To measure the water content of an insulating oil we use the Karl Fischer titration as the basic technique. In a Karl Fischer titration, water (H2O) reacts chemically with iodine (I2), sulfur dioxide (SO2), an organic base (C5H5C) and alcohol (CH3OH) in an organic solvent.

Here, the sample is mixed with sulfur dioxide, iodide ions, and organic bases/alcohols. Here, iodide ions are produced by electrolysis and participate in the above reactions in solution. So as long as the reaction continues there will be no trace of the individual iodide ion in the solution.

The iodide ions produced by electrolysis are completely used up in the reaction as long as water molecules are present in solution. As soon as there are no more water molecules to react, Karl Fischer reactions stop. There are two platinum electrodes immersed in the solution from the start. The presence of iodide ions in the solution depolarizes the platinum electrodes after the Karl Fischer reaction is complete. As a result of the voltage-current ratio of the electrode circuit changes. Therefore, this change indicates the end point of the Karl Fischer reaction in solution.
According to Faraday’s law of electrolysis, the amount of iodine involved in the reaction is proportional to the electricity used for electrolysis during the Karl Fischer reaction.

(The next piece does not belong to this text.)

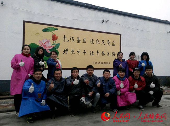 田迎賓(前排左3)同其他大學生村官為七間房鄉西大塢三村、四村繪制文化墻。七間房鄉人民政府供圖
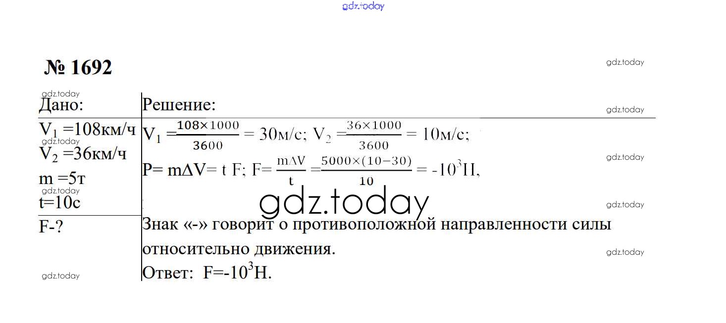 На страницах сайта gdz.today вы найдете учебный и вспомогательный материал, направленный на улучшения знаний школьной программы. ГДЗ - онлайн мир знаний Законы взаимодействия и движения тел Решение. 9 класс 1692 Сборнику задач по Физике для 7-9 класса Перышкин, Лонцова Экзамен УМК 2016

From, the power consumption until the end of the reaction, one can easily calculate the actual amount of iodine involved in the reaction. Again, from the first reaction equation, it is found that one mole of iodine reacts with one mole of water. That is, 127 grams of iodine will react with 18 grams of water. So from the calculated weight of iodine, we can determine the exact amount of water present in the insulating oil sample.